■ **The data**:

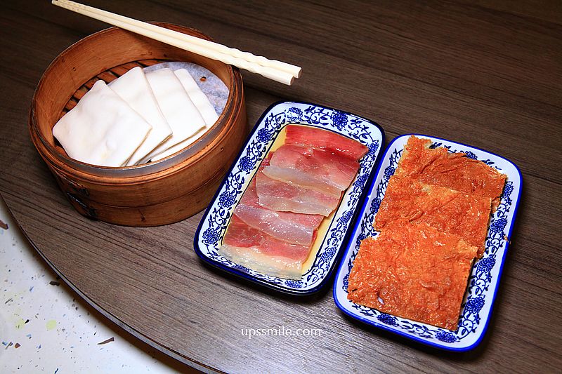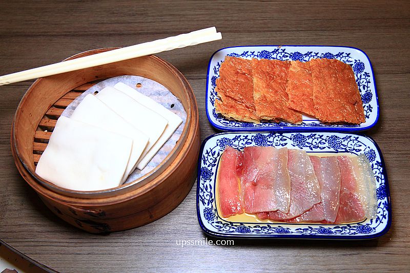 嚴選台灣本土溫體豬,採火腿中間最質優的腱心肉部分切成薄片後,灑上棉糖以中和鹹味,接著包上耐熱的玻璃紙,製成蜜汁火腿,以糖蜜和秘方煮製,加入酥酥脆脆的烤方,使用豆腐皮和著蝦米、火腿蓉,裹上麵粉酥炸製成烤素方,熱騰騰的麵香餅皮,絕配組合。
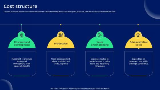 This slide showcases the distribution of expenses across key categories including research and development, production, sales and marketing, and administrative costs. Create an editable Cost Structure Smart Transportation Solutions Provider Business Model BMC SS V that communicates your idea and engages your audience. Whether you are presenting a business or an educational presentation, pre designed presentation templates help save time. Cost Structure Smart Transportation Solutions Provider Business Model BMC SS V is highly customizable and very easy to edit, covering many different styles from creative to business presentations. Slidegeeks has creative team members who have crafted amazing templates. So, go and get them without any delay. This slide showcases the distribution of expenses across key categories including research and development, production, sales and marketing, and administrative costs.
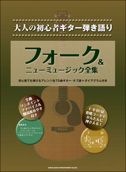 本書は大人の初心者が嗜むアイテムとして好評を得ています、フォークの弾き語り曲集のアップグレード版です。かんたんギター弾き語り講座、ワン・ポイント・アドバイス付きでので、青春時代に一度は耳にしたあの曲、この曲がすぐに演奏できます。
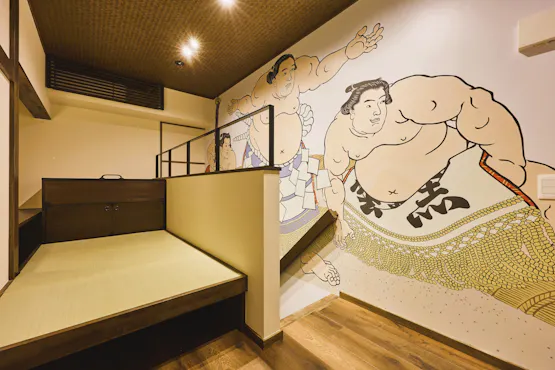 Akomodasi “OYADO” bertema Kabuki, Fuji, dan Sumo menawarkan kamar bergaya bisnis dengan konsep Jepang modern berlantai tatami yang unik, dapat menampung hingga 3 tamu. Nikmati pengalaman menginap di Akomodasi yang berbeda! ・Check-in 15:00–20:00 ・Check-out 10:00 ・Luas kamar|18,61 m² ・Kapasitas|3 dewasa (hingga 2 anak Anak berbagi tempat tidur) ・Parkir|Tidak tersedia

■ **Work instructions**:
Please give again, word for word, the lines from the one containing "本書は大人の初心者が嗜むアイ" through the last line of the listing above, inclusive, and leave out pictures.

■ **Problem solution**:
 本書は大人の初心者が嗜むアイテムとして好評を得ています、フォークの弾き語り曲集のアップグレード版です。かんたんギター弾き語り講座、ワン・ポイント・アドバイス付きでので、青春時代に一度は耳にしたあの曲、この曲がすぐに演奏できます。
 Akomodasi “OYADO” bertema Kabuki, Fuji, dan Sumo menawarkan kamar bergaya bisnis dengan konsep Jepang modern berlantai tatami yang unik, dapat menampung hingga 3 tamu. Nikmati pengalaman menginap di Akomodasi yang berbeda! ・Check-in 15:00–20:00 ・Check-out 10:00 ・Luas kamar|18,61 m² ・Kapasitas|3 dewasa (hingga 2 anak Anak berbagi tempat tidur) ・Parkir|Tidak tersedia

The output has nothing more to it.